From the Summary, you can infer that the LanguageService transaction was processed for a total of 19814 milliseconds on Address-Validation-Service1:7001. If you take a look at the transaction topology now (see Figure 8), you will be able to understand that this processing time is the sum of the following:

  • The time for which the transaction was processed internally by the Address-Validation-Service1:7001 server – 151 ms
  • The time taken by Address-Validation-Service1:7001 to execute a database query for the transaction and retrieve results – 19339 ms
  • The time taken by Address-Validation-Service1:7001 to make a JMS call to a messaging server and pull data from the message queue OrderQueue – 319 ms
  • The time taken by Address-Validation-Service1:7001 to make a SAP JCO call to a SAP server – 5 ms

    Figure 8 : How the total processing time of the transaction on Address-Validation-Service1:7001 is computed

The Breakup of Processing Time section in Figure 7 clearly indicates how the Total Processing time is computed. From this section, you can also glean where the slowdown originated – within the JVM node? Or when making external calls from the JVM node? In the case of our example, the problem is with the remote calls.
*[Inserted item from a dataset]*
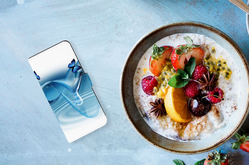 De bedrukking met de blauwe vlinders in combinatie met de blauwe golven maken van deze bookstyle case een ware eyecatcher. De opvallende kleuren maken dit een erg gewild Samsung Galaxy M54 hoesje. De bedrukking wordt met hoge kwaliteit uitgevoerd door onze geavanceerde printer met duurzame inkt. En dat is niet het enige wat duurzaam is aan dit Telefoonhoesje met Pasjes, de bookstyle case gaat zelf ook lang mee. Naast duurzaamheid en een opvallend design, kun je in dit hoesje ook nog drie pasjes kwijt. Als je dan een keer op pad gaat, kun je jouw portemonnee gewoon thuislaten en deze dus niet kwijtraken.

Next, take a look at the url displayed in the Summary section. As you can see, the URL is that of the Business Transaction that was zoomed into - i.e., LanguageService.jsp. However, sometimes, while the Business Transaction may continue to be LanguageService.jsp, the url could be different. This is because, the URL refers to the URL that was hit when an HTTP call is made by one JVM node to another. This means that when accessing the LanguageService.jsp web page on Address-Validation-Service1:7001, if that web page had hit another URL, then that URL will be displayed against URL.

Additionally, the Summary section also reports the Query String of the URL, the Session ID of the session in which the transaction is processed on the Address-Validation-Service1:7878 server, and Thread Name of the thread that processed the transaction.

The Summary section also differentiates between the overall User Experience of a transaction and the Java Processing Status of that transaction on a particular JVM node. In the case of our example, the Summary section clearly reveals that the User Experience of the transaction is Slow. At the same time, eG has also detected that the slowness did not occur because of a processing bottleneck on the Address-Validation-Service1:7001 server. This is why, eG maintains that the Java Processing Status of the Address-Validation-Service1:7001 server is Healthy.